Д. Куликов: Это все концептуальные ошибки. В принципе, все на Западе, как и наша эмиграция, считали – даже после победы в Гражданской войне, – что большевистское правительство продержится месяц, в крайнем случае пару лет. Все предсказывали невозможность существования большевистского режима в России. Исходили из того, что он в принципе невозможен. А если еще потихонечку ситуацию подталкивать, то еще быстрее все произойдет. Ну и главное, они думали, что главного добились – создали пресловутый санитарный кордон, отрезали Финляндию, Прибалтику, Польшу, Белоруссию и Украину.
Г. Саралидзе: Ну и Закавказье до определенного момента тоже.
Д. Куликов: Бессарабию отрезали. С западной стороны кордон создан, и через него можно вредить Советской России. Открытое противостояние очень невыгодно было демократам объявлять. Как!
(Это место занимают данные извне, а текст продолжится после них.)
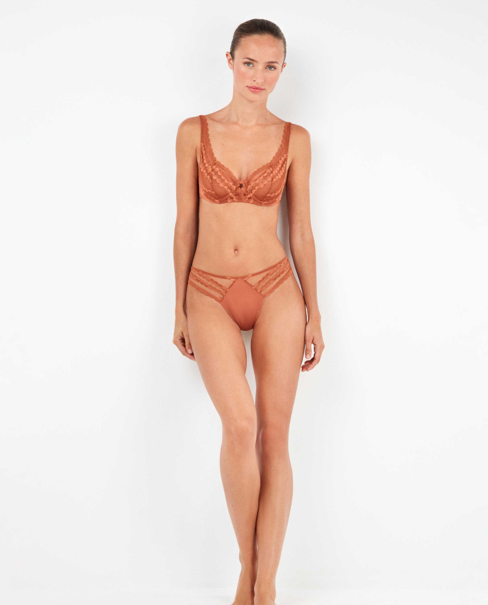 Culotte brésilienne en dentelle et microfibre disponible en couleurs noir et marron terracotta.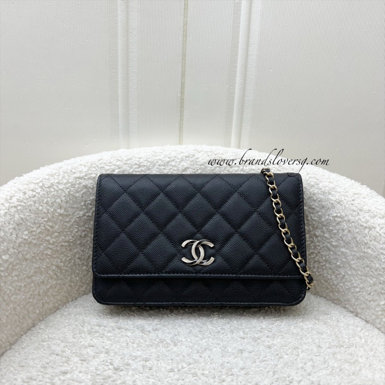 Chanel 23S Wallet on Chain WOC in Black Caviar, Diamantes Studded Logo and SHW (Model: AP3336)

Поход против самой светлой тогдашней идеи, владевшей человечеством?! Потому что эта идея не была еще реализована со всеми издержками, которые мы впоследствии увидели. Потом цивилизованный мир на этих издержках построил целую кампанию по дискредитации самой идеи. А тогда идея была очень сильной, и выступать против нее было очень опасно. Они считали, что помрет само, что народы России восстанут. Делалась ставка на то, что Империя – тюрьма народов, что она развалится по национальному признаку, не говоря уже об остальных проблемах, которые у Советской России имеются. Вот в это вкладывались. Решили, что будут вести активную диверсионную работу. В 1920-е – начале 1930-х вся западная граница наша, вся наша Средняя Азия и Закавказье – это зоны прямого столкновения наших органов и диверсионных отрядов (басмачи самое яркое представление об этом дают). Не должна была Россия выжить. Это как с нами в 1991 году произошло.
А. Гаспарян: Параллель напрашивается.
Д. Куликов: Потому что в принципе в 1991 году, и вообще в 1990-е, Западу надо было разрушить нас. Как в 1920-е годы, так и после 1991-го они считали, что мы сами сдохнем, ну а мы сказали, что нам желательно помучаться.
Г. Саралидзе: Мне кажется, очень важно о Парижской мирной конференции 1919 года в этой связи поговорить. Она проходила с перерывами с января 1919-го по январь 1920-го. Считается, что после этой конференции было решено отказаться от планов интервенции и потихоньку ее сворачивать. Говорят, что большую роль в этом сыграло то, что Литвинов на встрече с американскими дипломатами, которая состоялась в 1919 году в Стокгольме, заявил о готовности советского правительства выплатить дореволюционные долги царской России, предоставить странам Антанты концессии и признать независимость Финляндии, Польши, стран Закавказья в случае прекращения интервенции. Насколько эти посулы сыграли свою роль?
А. Гаспарян: Мне кажется, вообще никакой роли не сыграли. Во-первых, этот маховик нельзя было остановить по щелчку пальца. Парижская конференция – это, конечно, хорошо, но существует документ: «Московская директива» от 3 июля 1919 года. Это, если кто-то не знает, приказ Деникина о наступлении вооруженных сил Юга России на Москву, параллельно с наступлением Колчака. И там распрекрасным образом все это продолжает обсуждаться. Кроме того, существуют рапорты российских военных агентов, которые находились в Европе и были на постоянной связи с военными ведомствами стран Антанты. Вопрос о том, чтобы закончить интервенцию и начать договариваться с большевиками, там не стоял. И надо понимать, что на Западе (я абсолютно с Димой согласен) системная ошибка была в том, что они считали: это в любом случае не долгосрочно, зачем договариваться? Договариваться надо с теми, кто будет действительно представлять русскую власть. А эта голытьба разбежится через неделю, пусть даже большевики и победят на каком-то этапе. Такое представление существовало все 1920-е годы. Интересно, что в 1927 году небезызвестный журналист Бурцев напишет книгу «Юбилей предателей и убийц». И на Западе будет недовольство по этому поводу: «Что это такое? Вы нам говорили, что это колосс на глиняных ногах, а уже десять лет будут отмечать!» Никто всерьез не воспринимал ни Ленина, ни Чичерина, ни кого угодно другого из большевиков. Впервые они были легализованы, если так можно сказать, в политическом пространстве Запада на Генуэзской конференции. И потом, конечно, сокрушительный удар советской дипломатии по Западу – это Раппальский договор.
Д. Куликов: А я вот не помню, на Генуэзскую или на Раппальскую конференцию приехали наши наркомы во фраках?
А. Гаспарян: Во фраках – это Раппальская, а на Генуэзскую в кожанках.
Г. Саралидзе: Ну что было, то было. С одной стороны, не верили они, что большевики победят. А с другой стороны, им разные предложения делали.